Yes, that's basically my set up. I bought my rack and cradles at rack warehouse.com. Thought I had a pic but can't find it. I've pulled with the yaks on top to Caddo lake, Big Bend and fixing to go to Arizona for a couple weeks. All from Galveston. No problems so far.


----------



## atexan (Jun 26, 2014)

I bought a Darby Roof Turbo Rack and a No Limits Extended Hitch to carry a canoe on my pickup. I put the extender in the rear but I don't see why you couldn't move it to the front as long as you have a hitch receiver in the front bumper.


----------



## INDIANAINTEXAS (Nov 12, 2006)

If you haven't done it already please don't put any holes in the roof material to install anything bigger heavier than a satalite dish. The roofs are not made to accomidate added stress. The TPO or rubber roofs are very susceptible to leaking and the more holes-stress-walking on will increase the possibility of leaks. The only way I'd do it would be to run the kayaks forward off the cab onto a yoke off the front of the truck.


----------



## Hookem-Guy81 (Apr 3, 2013)

*Hauling Kayaks with Truck and 5th Wheel*



INDIANAINTEXAS said:


> If you haven't done it already please don't put any holes in the roof material to install anything bigger heavier than a satalite dish. The roofs are not made to accomidate added stress. The TPO or rubber roofs are very susceptible to leaking and the more holes-stress-walking on will increase the possibility of leaks. The only way I'd do it would be to run the kayaks forward off the cab onto a yoke off the front of the truck.
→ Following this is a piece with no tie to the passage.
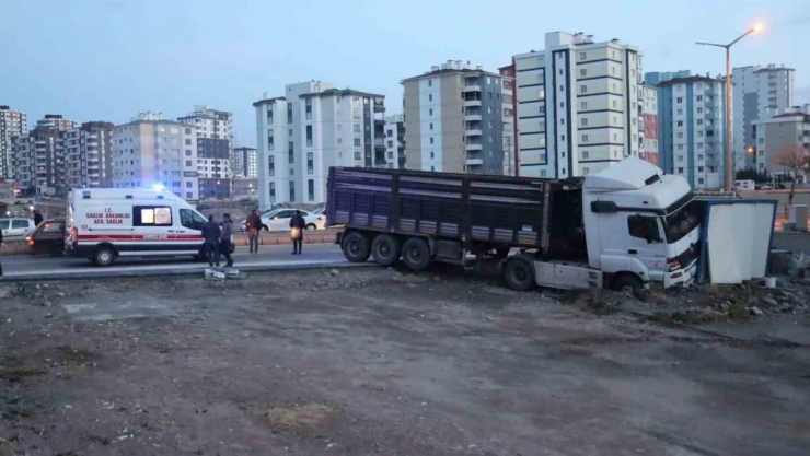 Kayseri'nin Melikgazi ilçesinde kontrolden çıkan tır, refüjdeki ağaçları ve aydınlatma direğini devirdikten sonra konteynıra çarptı. Kazada sürücü yaralanırken, inşaata ait olan konteynırda kimsenin bulunmaması faciayı önledi.

Thanks for your input. Agree with you 100%. I had already decided long ago NOT to drill through the roof, and after more research and hearing and seeing what others do figured out it is not a good idea to put a kayak on top of the 5th wheel either. I already replaced my roof once and I take darn good care of it. As I stated in a previous post, I like the truck rooftop extended out to a yoke better. Just wanted to know what others do here.


----------